Roland Barthes
[Writer, critic, and theorist, b. 1915, Cherbourg, d. 1980, Paris.]

 Ultimately—or at the limit—in order to see a photograph well, it is best to look away or close your eyes. 

David Hockney
[Artist, b. 1937, Bradford, England, lives in Bridlington, Yorkshire; London; and Los Angeles.]

 Brunelleschi, looking through a hole at a street in Florence, makes a depiction of it from a fixed viewpoint... The photographic process is simply the invention in the 19th century of a chemical substance that could “freeze” the image projected from the hole in the wall, as it were, onto a surface. It was the invention of the chemicals that was new, not the particular way of seeing... So the photograph is, in a sense, the end of something old, not the beginning of something new. 

Nathan Lyons
[Photographer, writer, and curator, b. 1930, Jamaica, New York, d. 2016, Rochester, New York.]

 The eye and the camera see more than the mind knows, is it not also conceivable that the mind knows more than the eye and the camera can see? 

Henry Peach Robinson
[Photographer, b. 1830, Ludlow, Shropshire, England, d. 1901, Tunbridge Wells, Kent, England.]

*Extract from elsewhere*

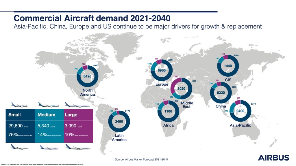 Nei prossimi 20 anni, Airbus prevede che la domanda di trasporto aereo si sposterà progressivamente dalla crescita della flotta al ritiro accelerato di aeromobili più vecchi e meno efficienti dal punto di vista dei consumi, determinando la necessità di circa 39.000 passeggeri di nuova costruzione e aerei da carico, 15.250 di questi per la sostituzione. Di conseguenza, entro il 2040 la stragrande maggioranza degli aeromobili commerciali in servizio sarà di ultima generazione, rispetto all’attuale 13% circa, migliorando notevolmente l’efficienza in termini di CO2 delle flotte di aeromobili commerciali mondiali. I vantaggi economici dell’aviazione si estendono oltre il settore, contribuendo per circa il 4% al PIL globale annuo e sostenendo circa 90 milioni di posti di lavoro in tutto il mondo.
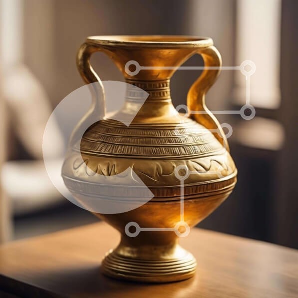 Υπάρχει δυνατότητα προσωποποίησης με δική σας φωτογραφία και προσαρμογής διαστάσεων κατόπιν παραγγελίας. Το συγεκεριμενο Puzzle 10x10 cm – 25 κομμ παρουσιαζει Η εικόνα παρουσιάζει ένα αντίκες χρυσό βάζο που κάθεται σε ένα ξύλινο τραπέζι. Φαίνεται να είναι σε καλή κατάσταση και έχει συντηρηθεί καλά, πιθανώς λόγω παλαιότητας ή χρήσης του. Υπάρχουν πολλά παράθυρα ορατά στο φόντο της εικόνας, υποδηλών

 Men usually see little of what is before their eyes unless they are trained to use them in a special manner. (1867) 

Paul Theroux
[Writer, b. 1941, Medford, Massachusetts, lives in Cape Cod, Massachusetts and Haleiwa, Hawaii.]

 The lust of the eye. The best photographs were, to me, like an experience of drowning. 

Robert Frank
[Photographer and filmmaker, b. 1924, Zürich, Switzerland, lives in Mabou, Cape Breton, Nova Scotia, Canada, and New York.]

 I have been frequently accused of deliberately twisting subject matter to my point of view. Above all, I know that life for a photographer cannot be a matter of indifference. Opinion often consists of a kind of criticism. But criticism can come out of love. It is important to see what is invisible to others—perhaps the look of hope or the look of sadness. Also it is always the instantaneous reaction to oneself that produces a photograph. 

Paul Valéry
[Writer and poet, b. 1871, Sète, France, d. 1945, Paris.]

 Thanks to photography, the eye grew accustomed to anticipate what it should see and to see it; and it learned not to see nonexistent things which, hitherto, it had seen so clearly. 

Minor White
[Photographer, writer, and theorist, b. 1908, Minneapolis, Minnesota, d. 1976, Cambridge, Massachusetts.]

 Because a man trains himself to see like a camera, it is only more appropriate that he uses a camera to record his seeing.